- PROBLEM TO WORK ON:
Return the data verbatim, without pictures.

- DATA:
----------

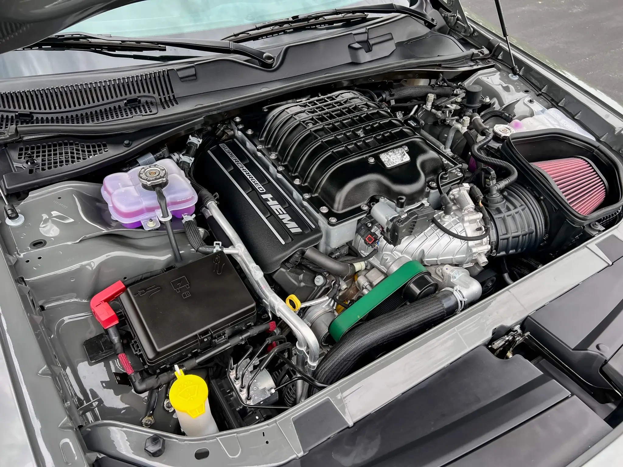 • Widebody Hellcat Redeye chassis with functional Air-Grabber hood and SRT performance spoiler
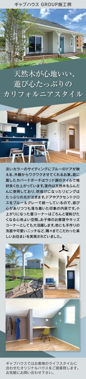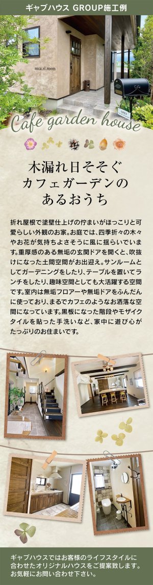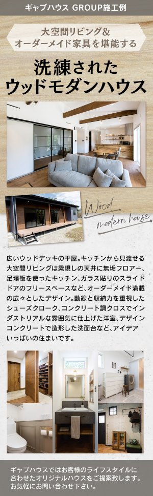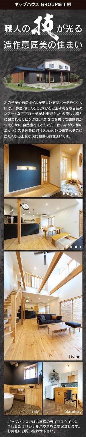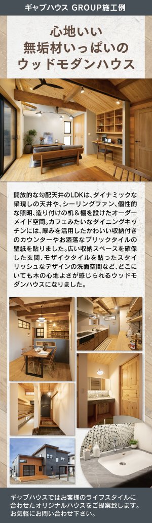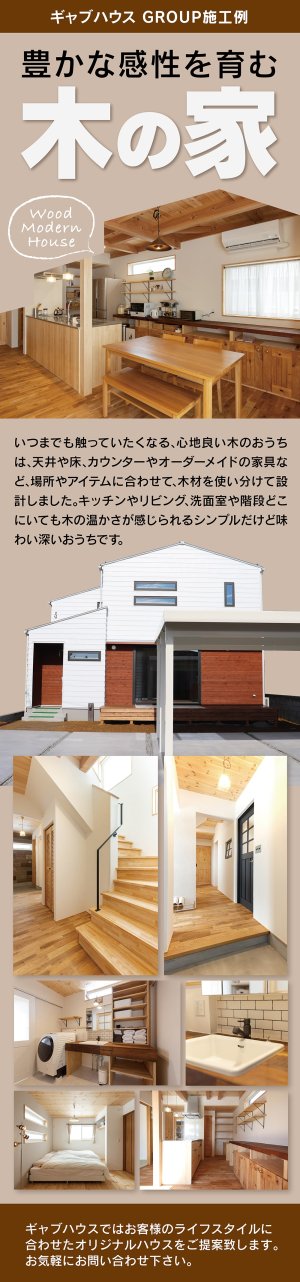 自然素材をなるべく使ったオーダーメイドの家づくりを心掛けています。光熱費を抑える為に断熱性能にもこだわっています。本物の素材で手づくりのキッチン・造作洗面など、オリジナルの空間もご提供しています。新築(注文住宅)・リフォーム・リノベーションのことは、お気軽にご相談下さい。広島県で住宅を建てるなら、広島県東広島市のギャブハウス東広島にお任せ下さい。
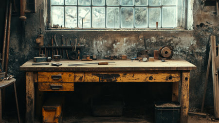 Worn tools rest on an old workbench, capturing the charm of a rustic workshop filled with natural light, inviting creativity.
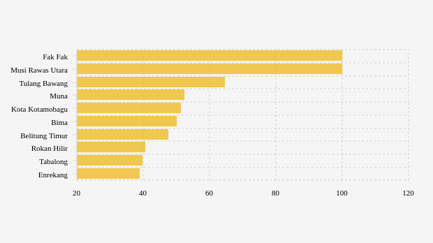 10 Kabupaten/Kota dengan BOR Rumah Sakit Covid-19 Tertinggi Nasional (Minggu, 25 Desember 2022) -

----------

- ANSWER BOX:
 • Widebody Hellcat Redeye chassis with functional Air-Grabber hood and SRT performance spoiler
 自然素材をなるべく使ったオーダーメイドの家づくりを心掛けています。光熱費を抑える為に断熱性能にもこだわっています。本物の素材で手づくりのキッチン・造作洗面など、オリジナルの空間もご提供しています。新築(注文住宅)・リフォーム・リノベーションのことは、お気軽にご相談下さい。広島県で住宅を建てるなら、広島県東広島市のギャブハウス東広島にお任せ下さい。
 Worn tools rest on an old workbench, capturing the charm of a rustic workshop filled with natural light, inviting creativity.
 10 Kabupaten/Kota dengan BOR Rumah Sakit Covid-19 Tertinggi Nasional (Minggu, 25 Desember 2022) -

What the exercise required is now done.